For two matrices A and B of the same dimensions:

(A + B)_ij = A_ij + B_ij

2. Scalar Multiplication

(cA)_ij = c · A_ij

3. Matrix Multiplication

For A (m × n) and B (n × p), the product AB is an m × p matrix:

(AB)_ij = Σ_k=1ⁿ A_ik · B_kj

4. Matrix Transpose

(A^T)_ij = A_ji

5. Matrix Inverse

For a square matrix A, the inverse A^-1 satisfies:

AA^-1 = A^-1A = I

Determinant

The determinant is a scalar value that can be computed from a square matrix.

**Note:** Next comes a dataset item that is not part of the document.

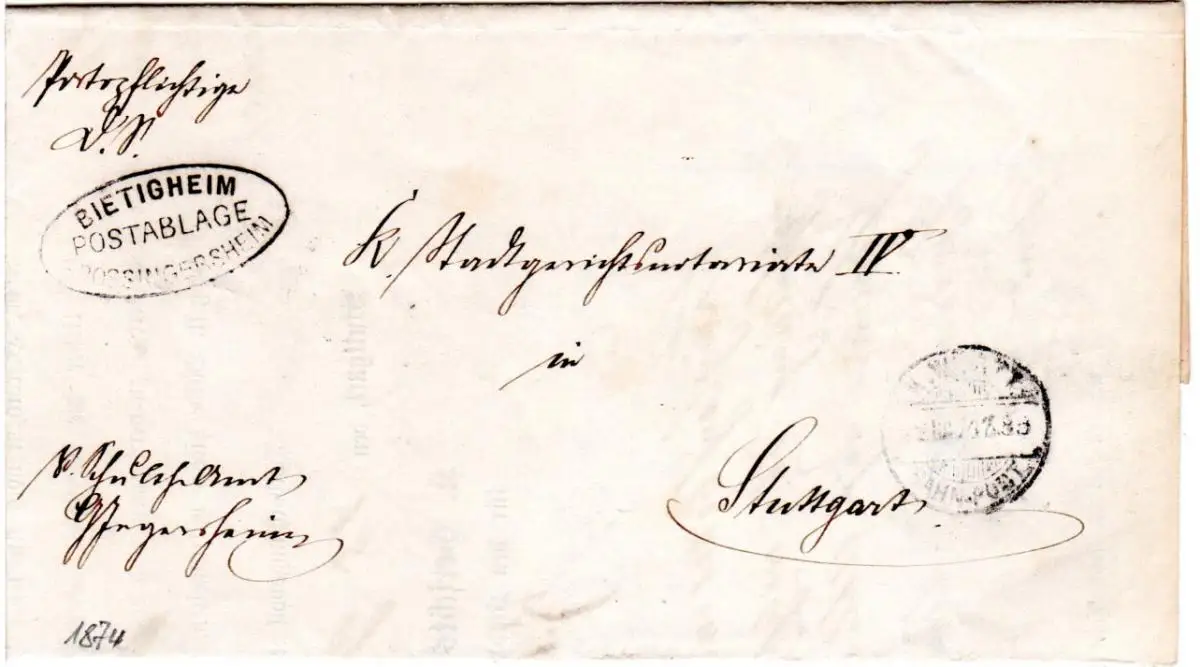 Württemberg 1874, Postablage GROSSINGERSHEIM (Bietigheim) auf Brief n. Stuttgart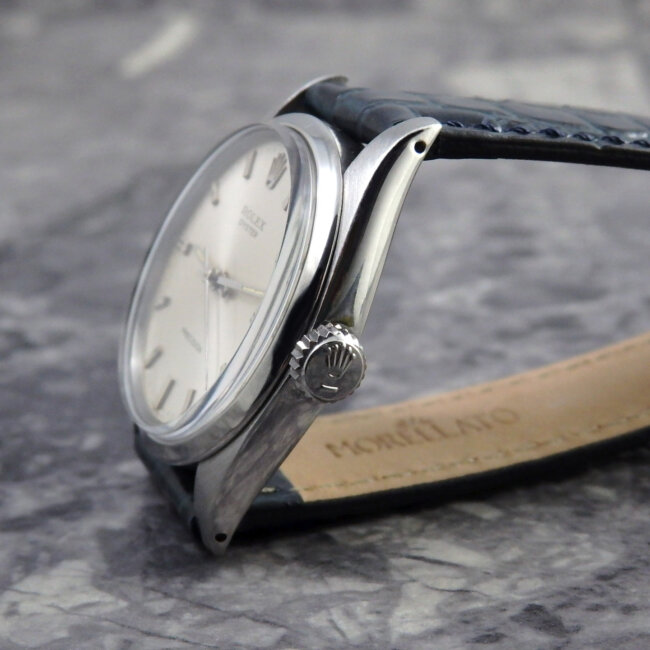 同年代のロレックスのオイスターモデルの中では珍しい大きめの王冠マーク6ミリデカリューズが装備。

For a 2×2 matrix:

det(A) = |A| = \begin{vmatrix} a & b \\ c & d \end{vmatrix} = ad - bc

For a 3×3 matrix:

|A| = a(ei - fh) - b(di - fg) + c(dh - eg)

Examples

Example 1: Matrix Addition

Given: A = \begin{bmatrix} 1 & 2 \\ 3 & 4 \end{bmatrix}, B = \begin{bmatrix} 5 & 6 \\ 7 & 8 \end{bmatrix}

Solution: A + B = \begin{bmatrix} 1+5 & 2+6 \\ 3+7 & 4+8 \end{bmatrix} = \begin{bmatrix} 6 & 8 \\ 10 & 12 \end{bmatrix}

Example 2: Matrix Multiplication

Given: A = \begin{bmatrix} 1 & 2 \\ 3 & 4 \end{bmatrix}, B = \begin{bmatrix} 2 & 0 \\ 1 & 3 \end{bmatrix}

Solution: AB = \begin{bmatrix} (1·2+2·1) & (1·0+2·3) \\ (3·2+4·1) & (3·0+4·3) \end{bmatrix} = \begin{bmatrix} 4 & 6 \\ 10 & 12 \end{bmatrix}

Example 3: Finding the Inverse

Given: A = \begin{bmatrix} 4 & 7 \\ 2 & 6 \end{bmatrix}

Solution: det(A) = 4(6) - 7(2) = 24 - 14 = 10
A^-1 = (1/10) \begin{bmatrix} 6 & -7 \\ -2 & 4 \end{bmatrix} = \begin{bmatrix} 0.6 & -0.7 \\ -0.2 & 0.4 \end{bmatrix}

Applications

Systems of Linear Equations: Ax = b can be solved using matrix methods like Gaussian elimination or Cramer's rule.
Computer Graphics: Matrices represent transformations (rotation, scaling, translation) in 2D and 3D graphics.
Physics: Quantum mechanics uses matrices to represent physical quantities and transformations.
Data Science: Matrices store and manipulate datasets for machine learning algorithms.
Economics: Input-output models use matrices to analyze economic systems.
Engineering: Structural analysis and signal processing rely heavily on matrix computations.

Properties

Associative: (AB)C = A(BC)
Distributive: A(B + C) = AB + AC
Not Commutative: AB ≠ BA (in general)
Transpose of Product: (AB)^T = B^TA^T
Inverse of Product: (AB)^-1 = B^-1A^-1